#### [Assignment]
All lines from the one containing "Максимально удобные для" through the end of the material below are to be printed exactly, both ends included, minus pictures.

"""

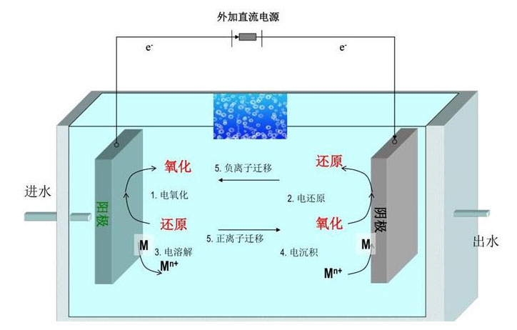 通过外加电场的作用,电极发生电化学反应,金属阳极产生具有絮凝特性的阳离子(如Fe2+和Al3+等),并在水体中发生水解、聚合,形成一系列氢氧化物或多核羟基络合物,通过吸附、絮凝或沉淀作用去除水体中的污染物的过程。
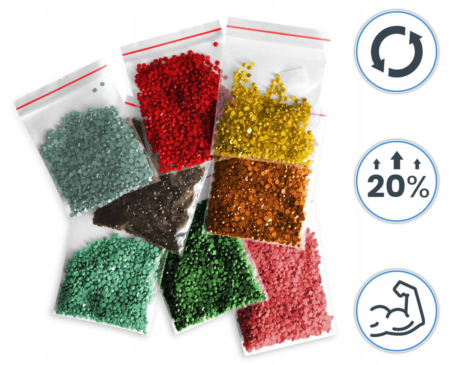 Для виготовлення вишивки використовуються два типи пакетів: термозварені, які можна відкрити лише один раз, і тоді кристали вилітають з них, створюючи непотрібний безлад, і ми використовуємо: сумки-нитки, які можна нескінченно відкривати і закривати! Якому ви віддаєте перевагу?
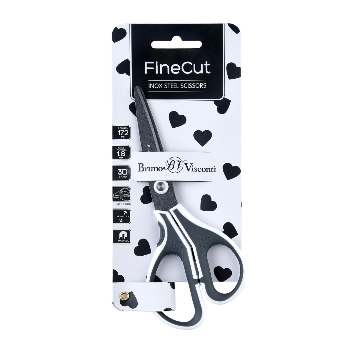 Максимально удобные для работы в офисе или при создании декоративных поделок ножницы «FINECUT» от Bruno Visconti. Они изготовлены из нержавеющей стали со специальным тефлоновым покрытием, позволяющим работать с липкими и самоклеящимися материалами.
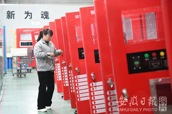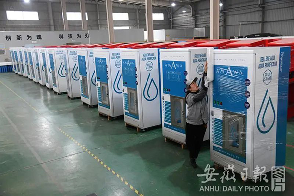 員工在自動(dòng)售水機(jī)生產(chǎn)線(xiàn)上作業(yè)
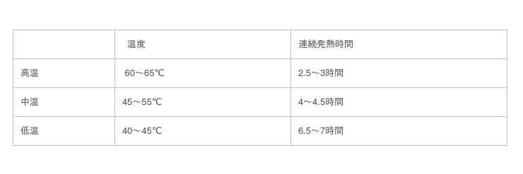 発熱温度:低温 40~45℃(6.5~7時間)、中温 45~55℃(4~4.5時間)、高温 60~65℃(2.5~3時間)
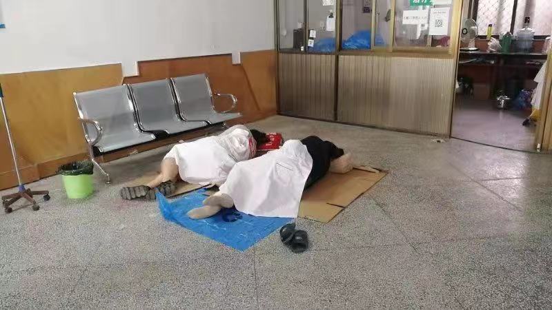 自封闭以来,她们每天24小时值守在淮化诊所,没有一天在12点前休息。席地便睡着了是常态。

"""

#### [Written solution]
 Максимально удобные для работы в офисе или при создании декоративных поделок ножницы «FINECUT» от Bruno Visconti. Они изготовлены из нержавеющей стали со специальным тефлоновым покрытием, позволяющим работать с липкими и самоклеящимися материалами.
 員工在自動(dòng)售水機(jī)生產(chǎn)線(xiàn)上作業(yè)
 発熱温度:低温 40~45℃(6.5~7時間)、中温 45~55℃(4~4.5時間)、高温 60~65℃(2.5~3時間)
 自封闭以来,她们每天24小时值守在淮化诊所,没有一天在12点前休息。席地便睡着了是常态。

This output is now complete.